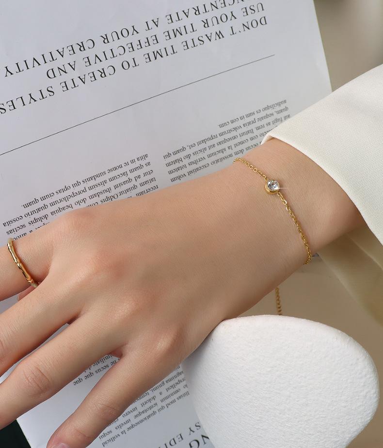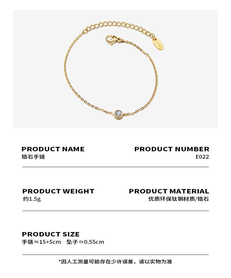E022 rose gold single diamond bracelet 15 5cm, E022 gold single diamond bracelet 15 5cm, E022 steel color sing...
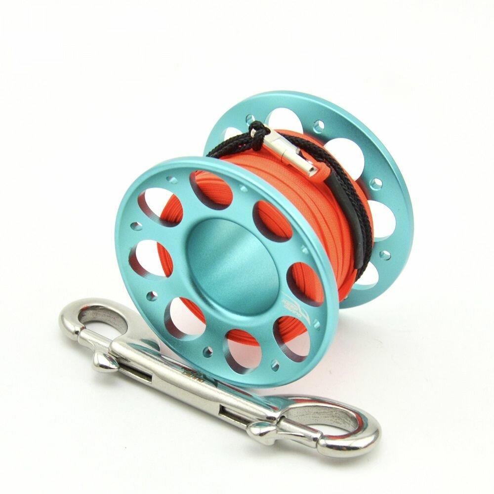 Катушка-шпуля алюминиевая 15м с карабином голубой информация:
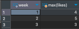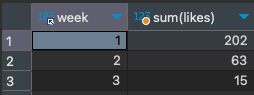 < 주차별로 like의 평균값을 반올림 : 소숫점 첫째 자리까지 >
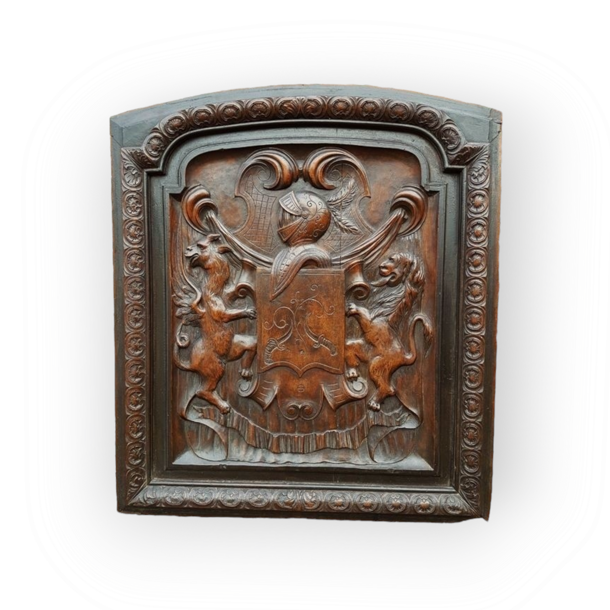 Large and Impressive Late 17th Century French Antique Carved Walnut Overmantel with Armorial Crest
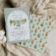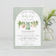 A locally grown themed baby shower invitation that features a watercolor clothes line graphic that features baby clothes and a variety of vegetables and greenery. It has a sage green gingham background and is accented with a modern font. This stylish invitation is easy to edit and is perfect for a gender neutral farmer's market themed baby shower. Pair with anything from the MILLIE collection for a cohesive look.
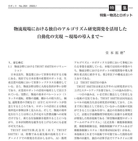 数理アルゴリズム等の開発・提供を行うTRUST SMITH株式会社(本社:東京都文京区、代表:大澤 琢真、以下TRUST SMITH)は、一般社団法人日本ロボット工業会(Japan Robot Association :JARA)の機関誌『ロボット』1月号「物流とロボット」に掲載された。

--

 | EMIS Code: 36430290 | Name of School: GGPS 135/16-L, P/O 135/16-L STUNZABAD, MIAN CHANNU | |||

▶ _Prompt_
In the listing above, find the line holding "Катушка-шпуля алюминиевая 15м" and the line holding "Large and Impressive". Reproduce those two lines and all between them exactly, leaving out pictures.

▶ _Written solution_
 Катушка-шпуля алюминиевая 15м с карабином голубой информация:
 < 주차별로 like의 평균값을 반올림 : 소숫점 첫째 자리까지 >
 Large and Impressive Late 17th Century French Antique Carved Walnut Overmantel with Armorial Crest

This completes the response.